Server.BomberServer starten: wartet auf eingehende Verbindung

Client.ClientConnect starten: öffnet den Verbindungs-Dialog ->OK
Client.ClientConnect startet anschließend Client.ClientModule
Client.ClientModule öffnet Verbindung zum Server
Client.ClientModule wartet auf Initialisierungs-String vom Server

Server.BomberServer startet bei neuer Verbindung Server.PLayer
Server.Player sendet String um Name und Color vom Client zu erhalten

Client.ClientModule sendet Name und Color
Client.ClientModule wartet auf positive Antwort

Server.Player sendet positive Antwort
Server.Player startet sich selbst als Thread: der Thread wartet auf neue
Strings aus dem BufferedReader ( is.readline() )

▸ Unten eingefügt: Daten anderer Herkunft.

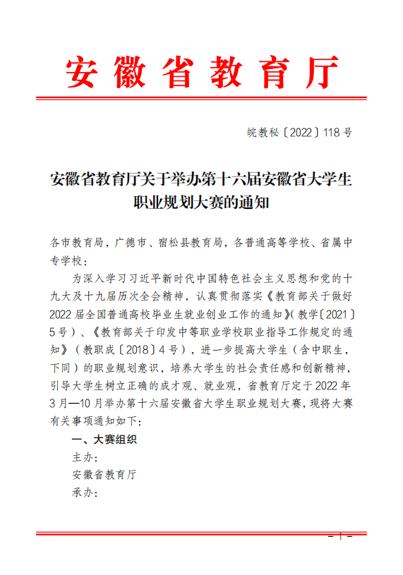 安徽省教育厅关于举办第十六届安徽省大学生 职业规划大赛的通知
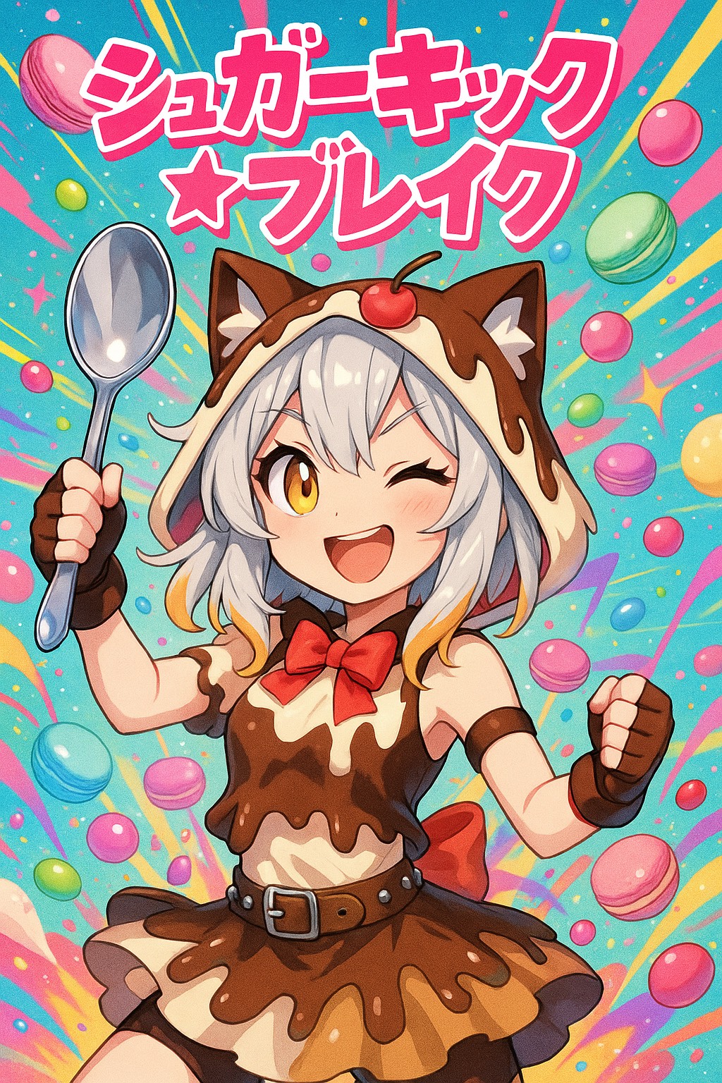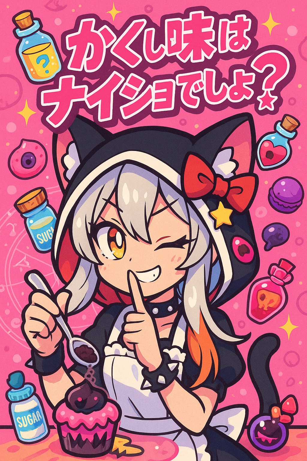 [Verse]: kawaii future bass, sparkly synths, bouncy bass, cute female Japanese vocal, playful but mischievous tone, lyrics about mixing sugar, spice, and secret ingredients
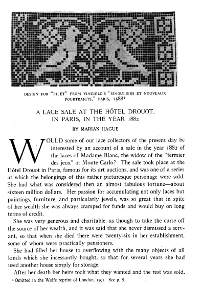 Lace Sale at the Hotel Drouot in Paris, in the Year 1882, Hague, Marian. The Bulletin of the Needle and Bobbin Club, Vol. 3 (1919), 4 pages. Note: Scanned images provided by Tess Parrish. Posted March 19, 2004. CD (LDA04). SAMPLE PAGE. File size 620 KB PDF
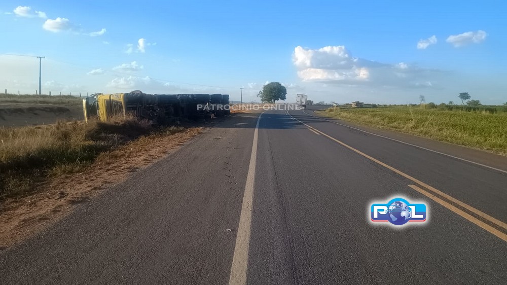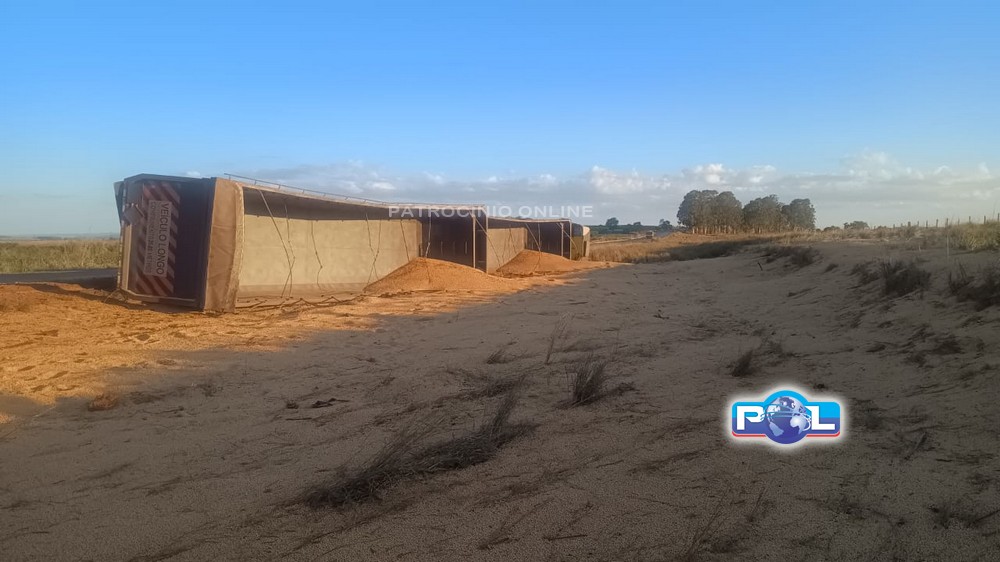 A Polícia Militar Rodoviária e o SAMU foram acionados na tarde de quarta-feira, 12/11, por volta das 16h30min, para atender um tombamento de um caminhão carregado com soja a granel, que se encontrava fora da pista de rolamento, na BR-146, km 78, no município de Serra do Salitre.
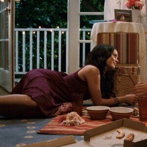 Tags: 2000s, film, movie, fashion, Disney Channel, original movie, boho, bohemian, spaghetti straps, sleeveless, mandala, crochet, magenta, tie back, maxi
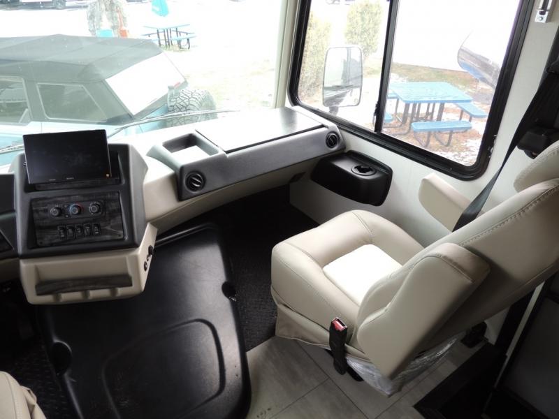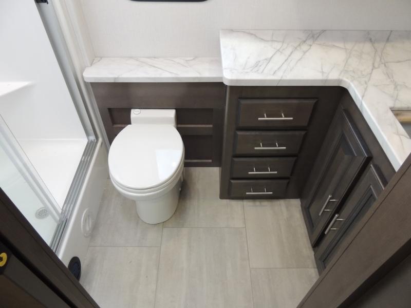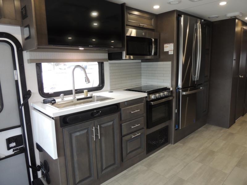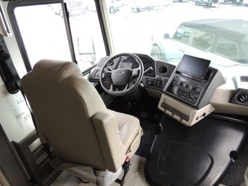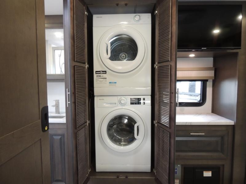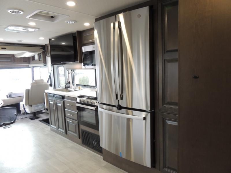 A spacious design and true luxury come together to create these Forest River Georgetown 5 Series Class A gas motorhomes! Their solid surface kitchen countertops, day and night shades throughout, and designer bedspread will have you feeling right at home. The color side and rear cameras help to prevent any dings or bumps while you travel, and the automatic hydraulic leveling jacks will keep your unit leveled wherever you set up. Durable construction consists of a crowned roof, 2" aluminum framed vacuum bonded gel coated sidewalls, plus high density block foam insulation that will allow you to travel at any time of the year. You will appreciate the 50 Amp service, two house batteries, and 6,000-watt Yamaha generator to keep you powered up. An outside shower is also included on all models, along with rotocast storage compartments with drains, a power awning, and so much more!
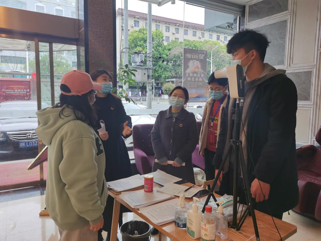 3月21日下午,校纪委书记、省监委驻校监察专员凌艳平带队深入校园、学校东大门、酒店隔离点等重点场所检查疫情防控工作。
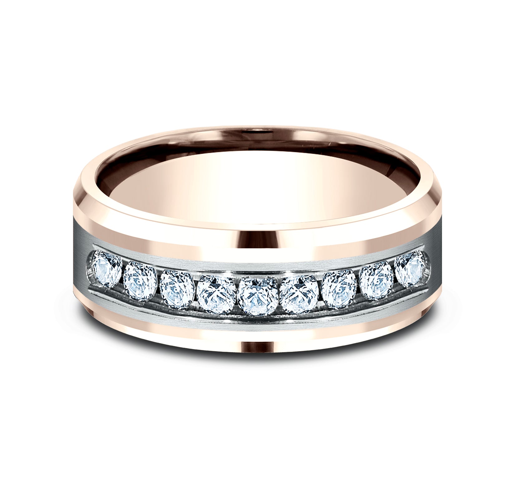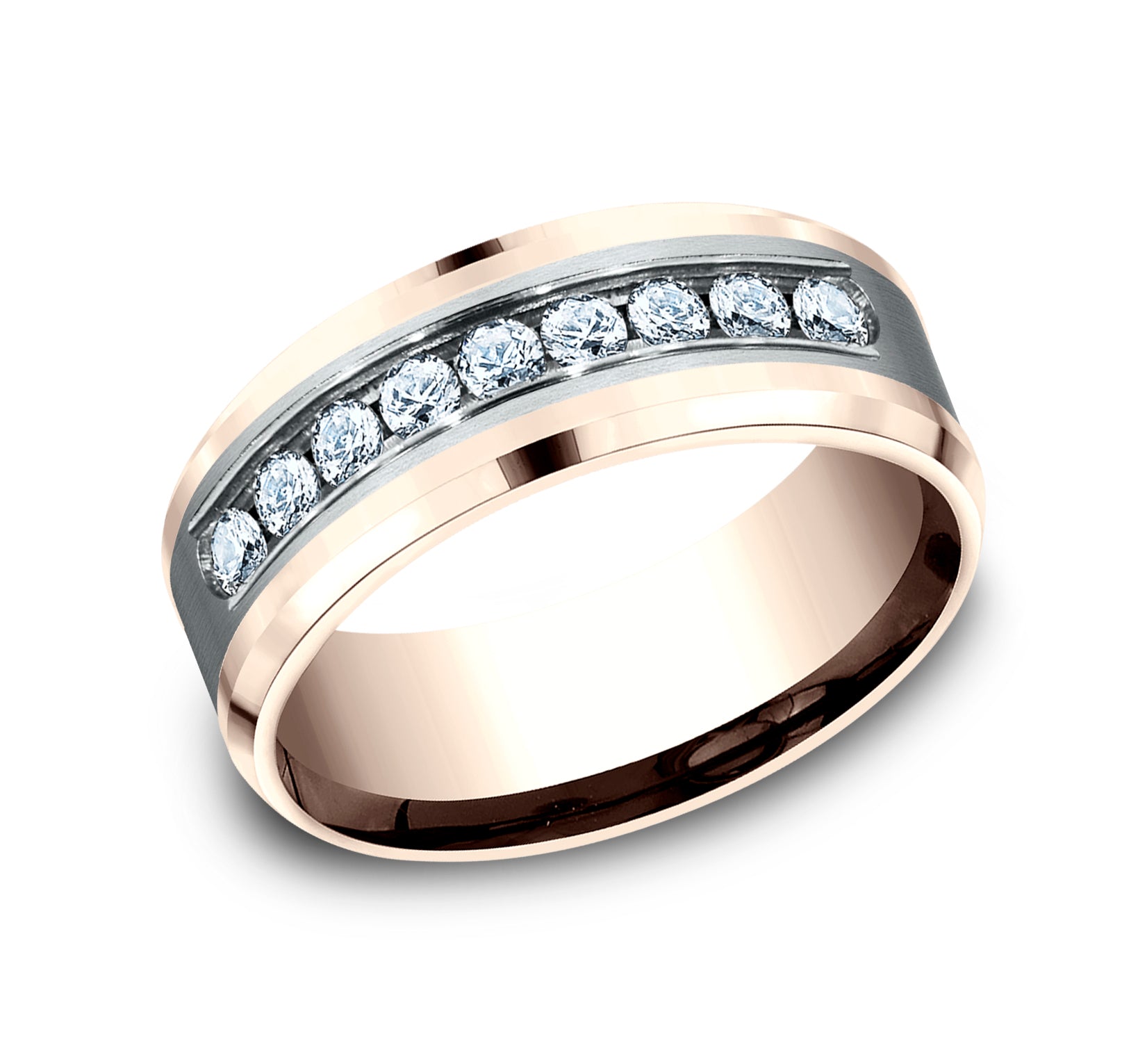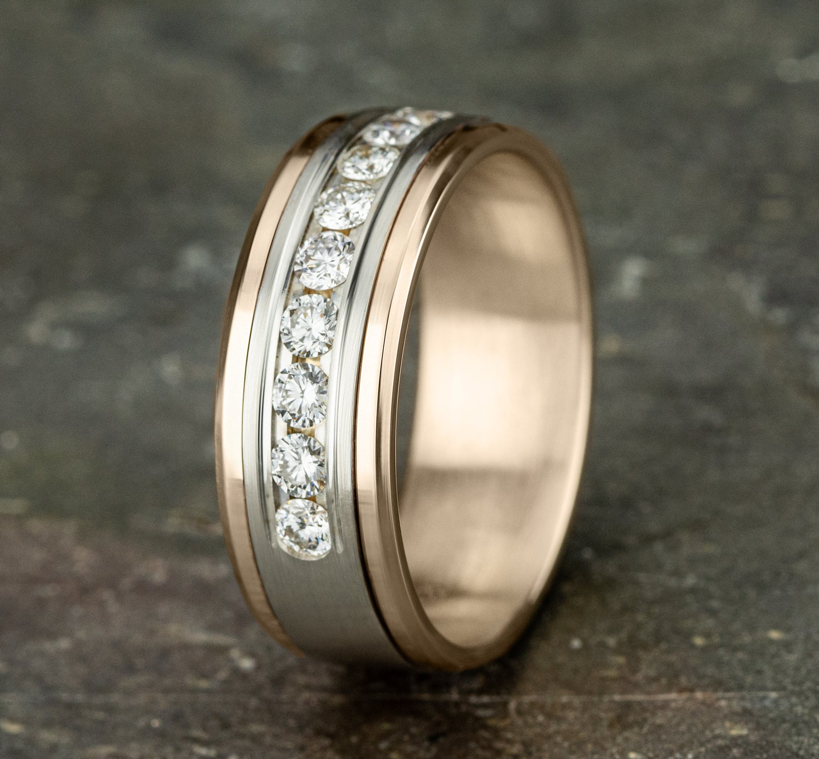 8mm, Comfort fit 14K Rose and White Gold Satin center, polished bevel edges 9 channel set diamonds Carat weight is .72ct Clarity SI1-2, Color GH
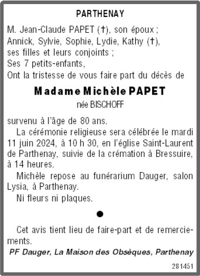 de Madame Michèle PAPET née BISCHOFF
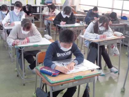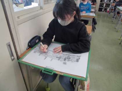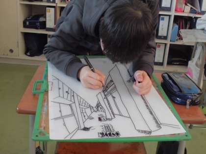 版画を製作しています。下絵の段階から力を入れてきたこともあり、全員が集中しています。彫る姿から緊張感も感じます。
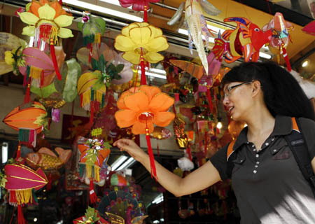 A woman chooses lanterns for the Mid-Autumn festival at a store in Hong Kong on September 7, 2008. The Mid-Autumn Day, or Moon Festival, a traditional Chinese holiday for family reunion and eating moon cakes outside under the moon, falls on the September 14 this year. [Xinhua]
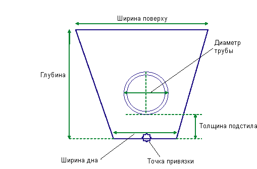 | Толщина подстилающего слоя | Глубина подстилающего слоя для трубы над дном траншеи | Числовое, положительное |
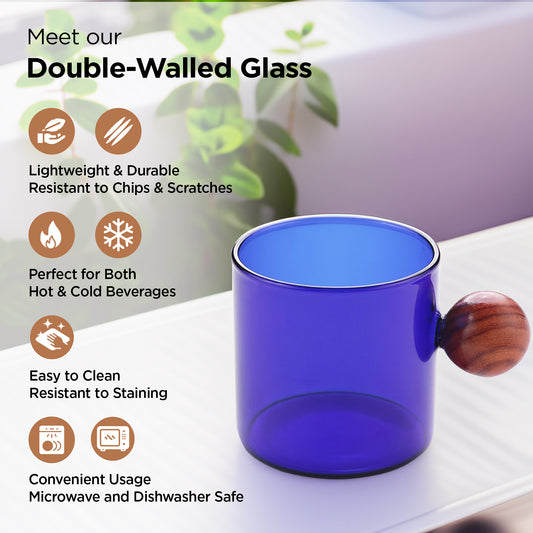 UMAI Pack of 2: Borosilicate Glass Coffee Mugs with Wooden Handle | 120ml Each | Blue
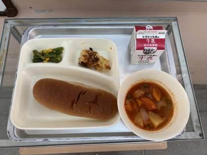 ケチャップ煮・さんどまめとコーンのソテー・りんごのクラフティ・黒糖パン・牛乳です。
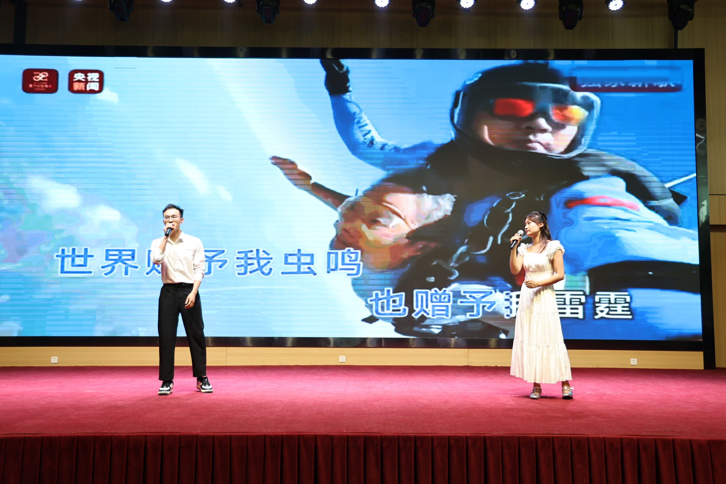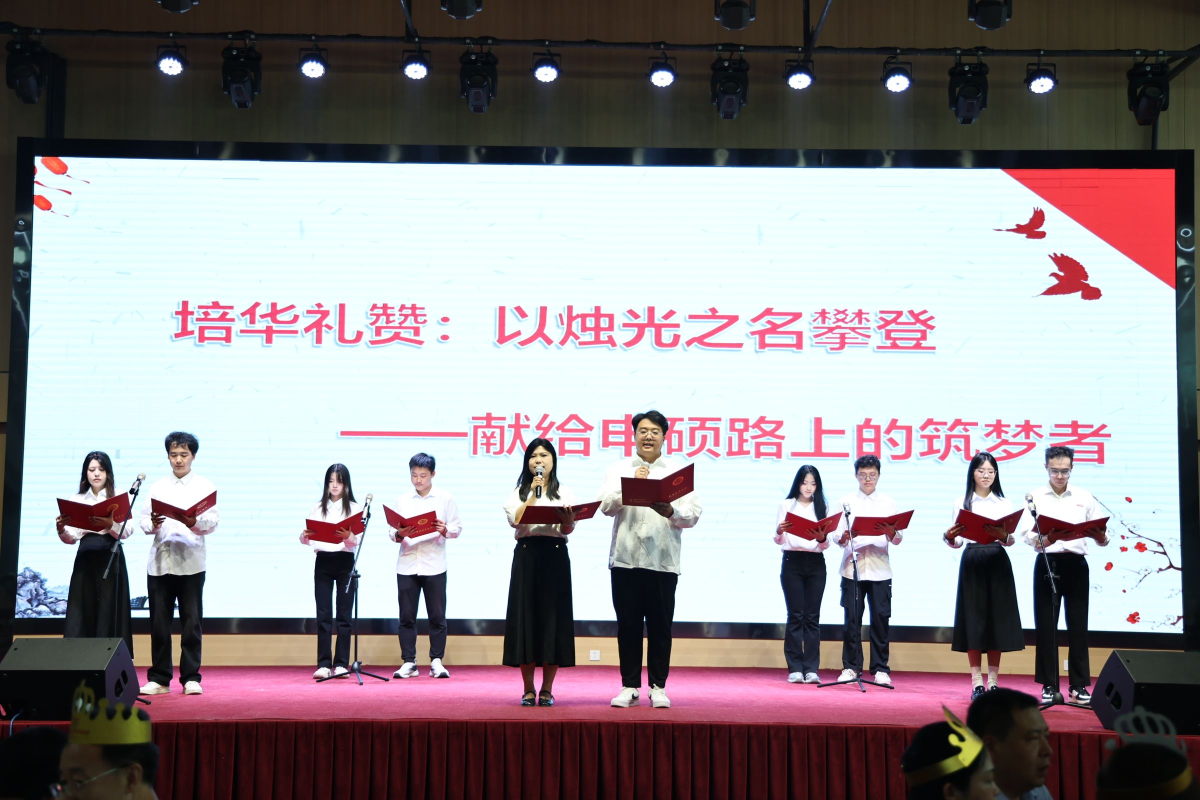 生日会上,马克思主义学院和培华职高的师生们带来了精心准备的文艺节目。黄嘉鑫、张梦珅两位教师用动人和声演绎《世界赠予我的》,歌声清亮婉转,将岁月静好的温柔与生活馈赠的美好娓娓道来;王金娇、毕静烨子、张梦珅三位老师携手学生代表,深情演绎朗诵作品《培华礼赞:以烛光之名攀登——献给申硕路上的筑梦者》,字字铿锵的诵读声中,饱含着对申硕工作者的崇高敬意与深切礼赞;职业高中学生马艺霏、张欣怡等在朱静老师的指导下,以舞蹈《灯火里的中国》惊艳亮相。舞步流转间,勾勒出祖国的璀璨画卷。紧接着,培华职高教师张语诗带来英文独唱《Angel》,其清澈的嗓音与动人旋律完美交融。

Client.ClientModule erhält positive Antwort
Client.ClientModule öffnet Client.ClientLounge
Client.ClientLounge kann Texte aus einem Textfeld verschicken (ActionEvent)

Server.Player erhält keine Strings vom Client, sondern bekommt immer nur
null-Strings und blockt den Thread nicht


Hoffe ihr könnt mir helfen  :!:  Ansonsten wirds nichts mit ner guten Programmiernote  :### 

mfg, Alc


P.S.: Hoffe mein Thread is nicht überladen!


----------



## jPat (10. Apr 2006)

hi,

probier es doch mal mit einem

>> out = new PrintStream(server.getOutputStream());

und dann "out.println(s);" im Clienten

gruß
Patrick


----------



## AlClemento (10. Apr 2006)

oki, hab das problem schon gelöst......schuld war  die zeile 51 im ClientModule.java


----------